In a distant monastery there are more than 50 monks all of them great experts in logic. They are all day in their cell praying and meet once a day for dinner at a round table where faces can be seen. When they finish dinner, each one returns to his cell in absolute silence. The monks have taken a vow of silence, they cannot gesture or communicate in any way and there are no mirrors in the monastery or any way of being reflected.
One day the prior father arrives and before beginning dinner he tells you: one or more of you have been pointed out by an angel who has made a red mark on your forehead. Those who have the mark must go on a pilgrimage as soon as they know it. Finally, the prior father left without indicating who the elect were. After 7 days, all the monks with the red mark realized that they were marked and only they went on a pilgrimage.
Can you discover how many were the chosen monks how they realized it?
There will be 7 monks who will go on pilgrimage.
To reach this conclusion we will make the following reasoning: If only one monk were marked, the first day, during dinner, he would see that no one is marked, then if the prior father said that one or more were marked he would deduce that he was the only one elected and would leave the first day.

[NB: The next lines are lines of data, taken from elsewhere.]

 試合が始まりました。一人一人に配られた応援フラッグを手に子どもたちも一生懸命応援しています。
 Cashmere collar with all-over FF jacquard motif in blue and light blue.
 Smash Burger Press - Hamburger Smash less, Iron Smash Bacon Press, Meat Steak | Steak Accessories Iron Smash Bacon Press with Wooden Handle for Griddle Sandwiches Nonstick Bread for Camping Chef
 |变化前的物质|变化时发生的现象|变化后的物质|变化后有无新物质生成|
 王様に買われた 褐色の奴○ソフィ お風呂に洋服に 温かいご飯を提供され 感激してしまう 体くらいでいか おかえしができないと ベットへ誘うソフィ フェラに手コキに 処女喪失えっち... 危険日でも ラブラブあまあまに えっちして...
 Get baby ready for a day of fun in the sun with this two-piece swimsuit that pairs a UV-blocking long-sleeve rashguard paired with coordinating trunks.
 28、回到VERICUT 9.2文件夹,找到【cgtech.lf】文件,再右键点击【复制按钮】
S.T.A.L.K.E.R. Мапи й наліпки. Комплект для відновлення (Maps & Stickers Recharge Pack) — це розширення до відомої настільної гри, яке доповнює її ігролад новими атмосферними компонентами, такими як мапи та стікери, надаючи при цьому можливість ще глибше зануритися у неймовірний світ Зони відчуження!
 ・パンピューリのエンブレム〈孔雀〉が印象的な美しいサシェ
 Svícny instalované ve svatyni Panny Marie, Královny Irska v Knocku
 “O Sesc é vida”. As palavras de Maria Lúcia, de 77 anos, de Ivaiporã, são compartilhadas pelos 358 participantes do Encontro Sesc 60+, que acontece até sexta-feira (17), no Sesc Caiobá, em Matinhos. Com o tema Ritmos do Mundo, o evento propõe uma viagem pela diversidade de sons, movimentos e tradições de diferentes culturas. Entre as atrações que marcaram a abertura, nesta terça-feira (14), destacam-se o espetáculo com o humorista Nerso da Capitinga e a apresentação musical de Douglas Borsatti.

If they were 2 monks marked, the first day, during dinner, each of them would see another monk marked so he could not know if he himself is or not, so neither of them could leave. On the second day, when he sees that the marked monk continues there he deduces that that other monk also sees another with the mark since if he had not left the first day applying the previous deduction. Since he only sees a marked monk, he deduces that he himself has the other mark and the two leave on the second day.
If the marked monks were 3, the first day each would see two other monks with a mark. Each of them would apply the above reasoning and deduce that if only the other two monks had each mark they would see a single marked monk, which would take two days to realize that they have the mark and therefore would march on the second day . But since there are three marked monks, on the third day, they will be seen at dinner which means that the other two marked monks also see two marked monks and so they have not been able to leave. Therefore he deduces that there is a third marked monk who is himself and can all march on the third day.
In the same way we could extrapolate the rest of the cases until reaching the 7 days proposed by the statement and since the number of monks that march coincides with the number of days elapsed we deduce that there are seven marked monks.